Dan spared him a small smile, blushing a bit. "I love you, too."
Phil smiled back and headed to bed. He would wait awake for his boyfriend to join him.
Over time, it seemed, cheap stickers started to lose their stick. At first sign of peeling, Dan thought, good riddance. Lately he's been making sure they hold up with small slivers of tape. Phil's diagnosis sort of changed that –Dan still thought the stickers were dumb and useless, but maybe the dumb, useless things that had once made his boyfriend light up like he did would help ease the depression.
If nothing else, this proved to Dan how mental illness could strike anyone at any time. Of all people in the world, his Phil was the last person he'd expect to be stricken so severely depressed. Dan could only watch as his once bubbly lover stopped posting videos and shrunk away from his (reasonably worried) viewers.

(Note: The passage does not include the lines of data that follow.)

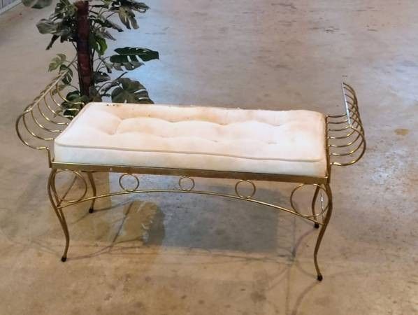 Will remove when unavailable. $85 In- Exact -Cash _ Cash Sale. $85 Firm. ~ See 8-7:45 any day.~ -Pick Up NW 30TH- George Koch Sons vintage art deco great Hollywood regency iron sitting arm bench with curved, circular, slotted detailing. Heavy duty protective rubber tips on the feet. The gold has tarnished areas, leave with tarnish look or refinish, the upholstery needs replaced it has a hole and stains. 45" at the outside of the arms, 36" long on the seating area, seat cushion 19" high, seat base 16.5" high, 16" deep front to back. The first layer of wood beneath the bench has water stains and breakage, I didn't want to break it away because it displays your maker label. ~ NW OKC. If price isn't a fit for you please do not inquire|Meet!* * Please no holds!~
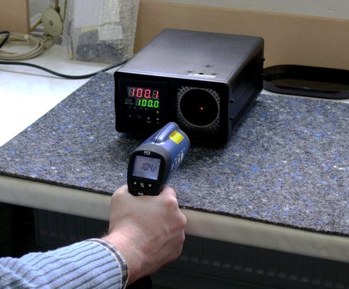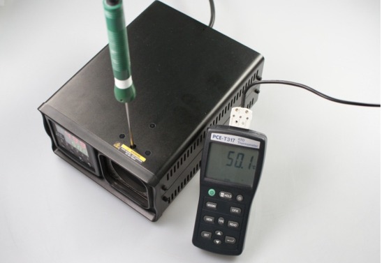 Questa immagine mostra il calibratore di temperatura PCE-IC1 mentre verifica la precisione di un misuratore di temperatura ad infrarossi
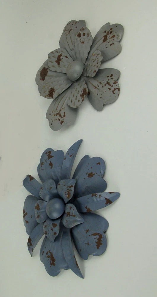This 2 piece set of uniquely beautiful flower sculptures will have your wall blooming with beauty. The metal sculptures are inspired by delicate blossoms you might see in gardens, or maybe even in an open field. Between the delightful flower design and the eye-catching distressed finish in navy, and taupe-grey, they are nothing less than stunning. Use them as part of a table centerpiece or display them on a wall in any direction with other decorative items and create stunning focal point you won't be able to take your eyes off of. Make your walls bloom with visual excitement, this set of 11.5 inch diameter, 1 inch wide wall flowers is perfect for anyone with an eye for the unusual and a modern sense of style. Our eBay Store About Us Add to Favorite Sellers Blue and Grey Metal Art Flower Wall Sculptures Set of 2 OVERALL SIZE - 11.5 Inches in Diameter, 1 Inch Wide Beautifully Sculpted of Metal in a Design that Gives any Indoor or Outdoor Wall a Striking Dimensional Look and Hangs From a Keyhole Mounting Hanger On the Back Beautiful Finish in Navy, and Taupe-Grey with Chipped Paint and Rust Marks for a Wonderfully Weathered Look Use as Part of a Table Centerpiece or Display them On the Wall in Any Direction and Create a Visually Stunning Focal Point Adds a Simply Elegant Burst of Floral Excitement to Any Room This 2 piece set of uniquely beautiful flower sculptures will have your wall blooming with beauty. The metal sculptures are inspired by delicate blossoms you might see in gardens, or maybe even in an open field. Between the delightful flower design and the eye-catching distressed finish in navy, and taupe-grey, they are nothing less than stunning. Use them as part of a table centerpiece or display them on a wall in any direction with other decorative items and create stunning focal point you won't be able to take your eyes off of. Make your walls bloom with visual excitement, this set of 11.5 inch diameter, 1 inch wide wall flowers is perfect for anyone with an eye for the unusual and a modern sense of style. Product Details Color Multicolored Height 11.5 Length 11.5 Weight 1.35 LB

Dan, though reluctant to bring the very personal matter to the world, made a video of his own to try to explain the situation. Phil was lying in bed in the other room, and heard everything he said. Phil didn't speak to Dan for two days following, until Dan came into the room one day and pressed a sticker to Phil's nose. He hadn't smiled, or said a word, but meekly pulled Dan into bed with him, kissing his cheek softly.
The stickers continued to peel, and Dan continued in vain to keep them up. Tape just didn't seem to hold them anymore.
Dan was playing his piano, knowing Phil would hear through the thin walls and hoping it would lighten him a bit. There was a small but almost special kitten sticker on the weary instrument, but today –for the first time, in fact— that too was starting to fall. Dan stopped his playing abruptly upon noticing it, and took a piece of tape larger than the others had been. He covered the entire sticker with tape.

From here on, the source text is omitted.